→ Problem description
After locating the line that bears "- COMFORTABLE &", restate word for word that line and the rest of the listing to its final line, excluding all pictures.

→ Supplied information
::::::::
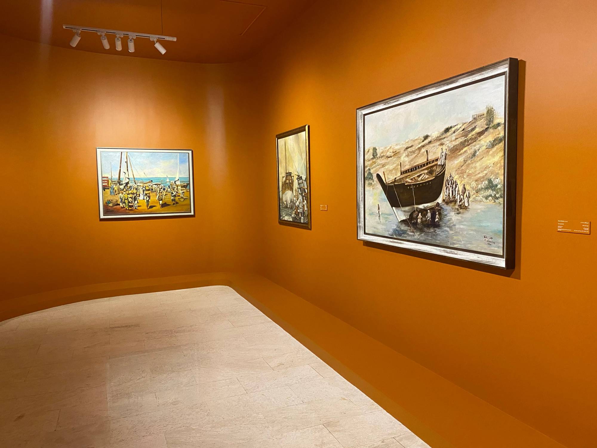 ويقدم المعرض أعمالاً لنخبة من فناني الخليج، من أبرزها أعمال لعثمان الخزيم، وعيسى صقر، ومحمد السليم، ومحمد كاظم، وراشد آل خليفة، وعبد الله الشيخ، وجاسم بوحمد، وسواهم من فنانين قدموا من خلال أعمالهم لمحات من الذاكرة الثقافية لمنطقة الخليج العربي، في ظل موجات التحديث السريعة، مستكشفاً رموزاً مشتركة مثل التجارة البحرية والغوص لاستخراج اللؤلؤ والهجرة، وأعمالاً تجسّد فترات من الحزن والقدرة على الصمود في أوقات النزاع، إلى جانب تجارب جريئة في التجريد والمادية، حيث تجاوز الفنانون حدود التمثيل لصياغة قواميس جمالية جديدة، تعكس التنوع الثقافي في المنطقة وحيوية التبادل الفني فيها.
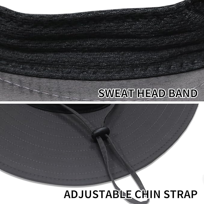 - COMFORTABLE & BREATHABLE: Breathable mesh sides ensure the effective air flow. The sweatband inside the sun fishing hat and the breathable lining can efficiently absorbs sweat for your comfort even if wear the sun hat all day
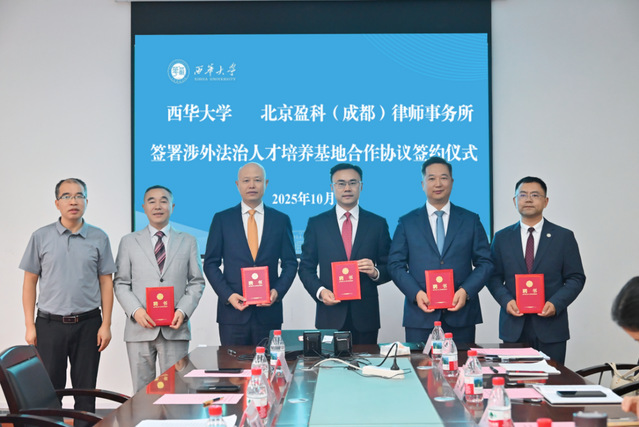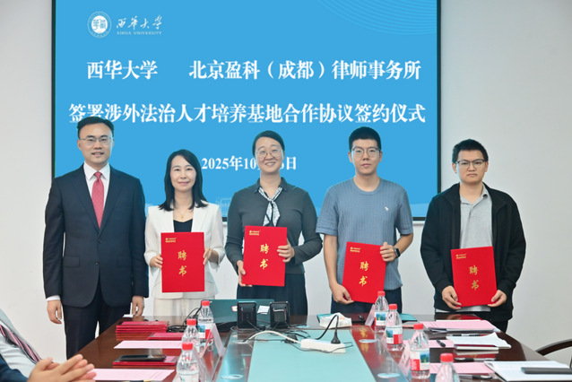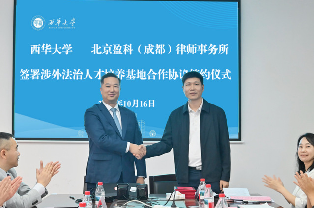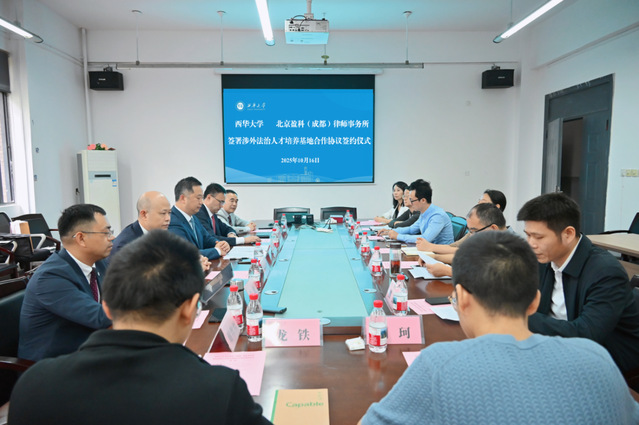 2025年10月16日,西华大学法学与社会学学院与北京盈科(成都)律师事务所共建涉外法治人才培养基地签约仪式在我校成功举行。此次合作是我院服务国家涉外法治战略、创新法治人才培养机制的重要举措,标志着学院在深化产教融合、拓展实务资源方面取得新突破。学院院长张邦铺、党委书记张雪征,盈科成都管委会名誉主任廖行、管委会主任寇翼等双方代表出席仪式。签约仪式由学院副院长熊征主持。
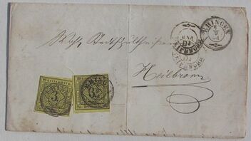 Bis 30.6.1858 war die innwürttembergische Taxen für Brief über 12 Meilen gleich 6 Kreuzer pro Loth.
::::::::
→ Result of the task
 - COMFORTABLE & BREATHABLE: Breathable mesh sides ensure the effective air flow. The sweatband inside the sun fishing hat and the breathable lining can efficiently absorbs sweat for your comfort even if wear the sun hat all day
 2025年10月16日,西华大学法学与社会学学院与北京盈科(成都)律师事务所共建涉外法治人才培养基地签约仪式在我校成功举行。此次合作是我院服务国家涉外法治战略、创新法治人才培养机制的重要举措,标志着学院在深化产教融合、拓展实务资源方面取得新突破。学院院长张邦铺、党委书记张雪征,盈科成都管委会名誉主任廖行、管委会主任寇翼等双方代表出席仪式。签约仪式由学院副院长熊征主持。
 Bis 30.6.1858 war die innwürttembergische Taxen für Brief über 12 Meilen gleich 6 Kreuzer pro Loth.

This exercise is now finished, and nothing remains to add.